Bilindiği üzere her yıl okulların açılış tarihiyle birlikte kırtasiye masrafları karşılığında öğretmenlere eğitim ödeneği adı altında belli bir miktar ücret yatmakta.

657 sayılı Devlet Memurları Kanununun 32. Maddesine göre devlet okullarında görev yapan öğretmenlere, her öğretim yılında bir defaya mahsus olmak üzere öğretim yılının başladığı ay içinde öğretim yılına hazırlık ödeneği verilir. Eğitim ödeneği fiili olarak görevde olan öğretmenlere ödenir.

2020 yılında 1210 lira, 2021 yılında 1250 tl olarak verilen eğitim ödeneği, günümüz enflasyon oranları ve kırtasiye kalemlerindeki ciddi artışlara rağmen 2022 yılında sadece 1325 tl olarak ödenecek.

Konu ile ilgili Eğitim Bir Sen İpekyolu Başkanı Harun Yeşilova açıklamalarda bulundu:

Öncelikle şunu belirtmek gerekiyor ki öğretmenlere verilen eğitim ödeneği bütün eğitim çalışanlarına verilmelidir. Bu konuya önce bir değinmek istedim. Çünkü bu çok ciddi bir sorun. Bu ödemenin genişletilmesi, tüm eğitim çalışanlarını kapsaması gerekiyor. Böylece hak ve adalet açısından daha yerinde bir uygulama olacaktır.

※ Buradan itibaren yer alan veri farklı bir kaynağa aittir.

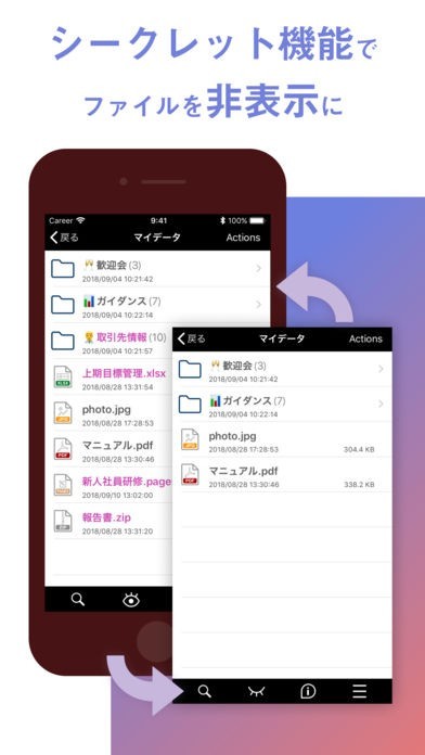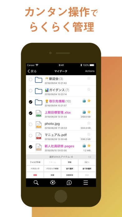 ファイルの整理がしやすいインターフェイスだし、見られたくないファイルは非表示にできる。使いやすいアプリだと思います。
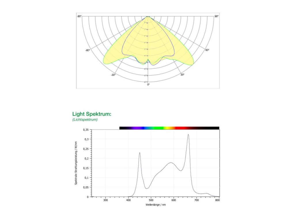 Samozrejme, s radom EVO ponúkame pokročilú účinnosť viac ako 3 µmol/J na úrovni modulu. Pri vývoji sme však oveľa viac pozornosti venovali výťažnosti na plochu a čas. V nespočetných empirických pokusoch s konope a inými rastlinami bolo spektrum optimalizované čo najlepšie. Výsledné širokopásmové svetelné spektrum presahuje bežný rozsah PAR a ponúka pomer ďaleko červenej a červenej farby, ktorý pozitívne ovplyvňuje fotomorfogenézu, a tým aj kvalitu a množstvo úrody.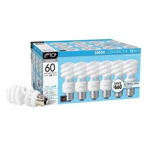 The TCP 14-Watt (60W) Daylight CFL Light Bulbs (12-Pack) (E)* are an energy-efficient solution for your lighting applications. Featuring a spiral shape with a medium base, these bulbs emit 800 lumens over up to 10,000 hours, making them a great choice for demanding lighting projects. (E)* means these bulbs meet Federal minimum efficiency standards. Non Dimmable.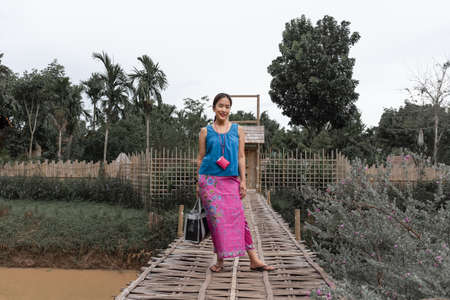 Beautiful Thai woman wearing old Thai traditional cloth standing on bamboo bridge.
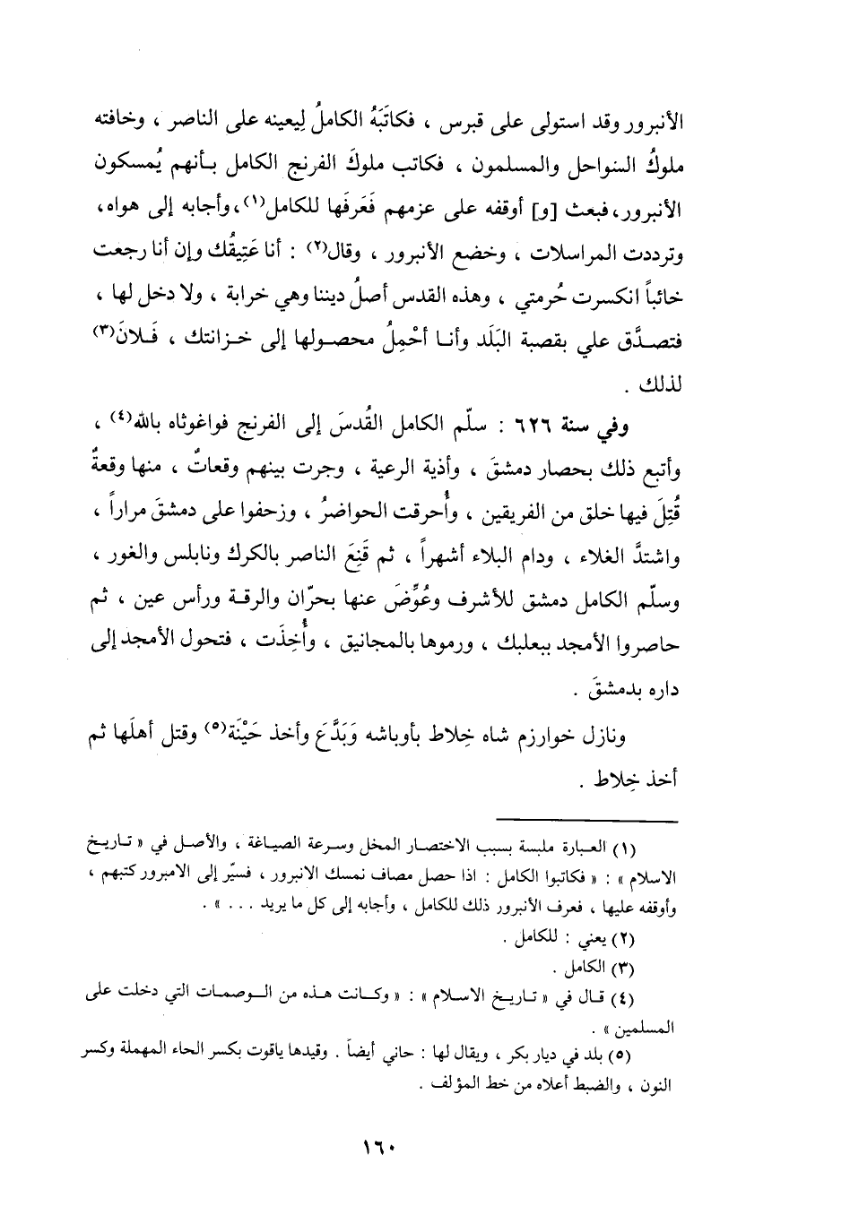 (1) العبارة ملبسة بسبب الاختصار المخل وسرعة الصياغة، والاصل في " تاريخ الإسلام ": فكاتبوا الكامل: إذا حصل مصاف نمسك الانبرور، فسير إلى الامبرور كتبهم، وأوقفه عليها، فعرف الانبرور ذلك للكامل، وأجابه إلى كل ما يريد..".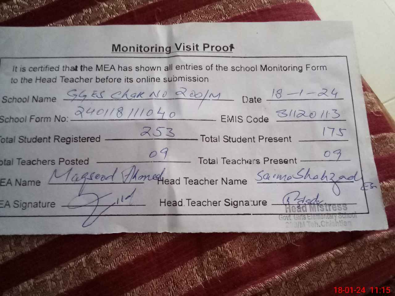 | Attendance Register | Head Teacher | MEA with School | Visit Proof |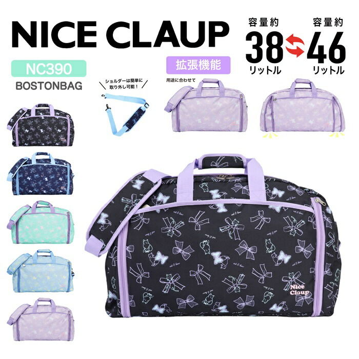 NICE CLAUP ナイスクラップ ボストンバッグ 38-46L 女の子 ガールズ 子供 キッズ ジュニア 小学生 大容量 マロンシリーズ NC390

Gelelim asıl meseleye. 2022-2023 eğitim öğretim yılı hazırlık ödeneği miktarına. Öncelikle eğitim ödeneği nedir bununla başlayalım. Eğitim ödeneği her eğitim-öğretim yılının başında öğretmenlere sağlanan materyal destek ödemesidir. Devletimizin sağladığı bu imkan, öğretmenlerin sınıf içi materyaller, ders araç gereçleri ve benzeri harcamalarında kullanılması için verilir. Önceki eğitim öğretim yılı başında öğretmenlere 1250 tl civarı bir ödenek ücreti yatırıldı. Daha sonra kurda yaşanan ciddi yükselişler sonrasında özellikle eğitimin ana unsurlarından olan A4 kağıtları başta olmak üzere bütün kırtasiye kalemlerinde ciddi yükselişler meydana geldi. A4 kağıtları ücretleri 3-4 kat yükseldi. Keza diğer kalemler de. Geçen sene ile kıyasladığımızda, önümüzdeki eğitim öğretim yılında aynı ürünlerin yarısını bile alamayacağımızı görüyoruz. Bu ne demek oluyor? Koşullar değişti. Fiyatlar yükseldi. Yani alım gücü düştü. Fakat bu yıl hazırlık ödeneği 1325 tl olarak yansıtılacak. Ciddi enflasyon oranlarıyla karşı karşıyayız. Bu da eğitim ödeneğinde bir zam yapılmasını gerekli kılıyor. Altını çiziyorum minimum enflasyon oranında bir zam gelmeli, hatta bunun da ötesinde bir zam beklentimiz var. Diğer takdirde bütün eğitim çalışanları mağdur olacaktır. Çünkü geçen seneye kıyasla alım gücü bunu karşılamıyor. Eğitim camiası bu ücreti kendileri için kullanmıyor, eğitim için kullanıyor, okul için kullanıyor, öğrenciler için kullanıyor. Devletimize düşen görev de bu konu hususunda eğitim camiasının alım gücünü korumak, eğitime her daim katkı sağlamaktır.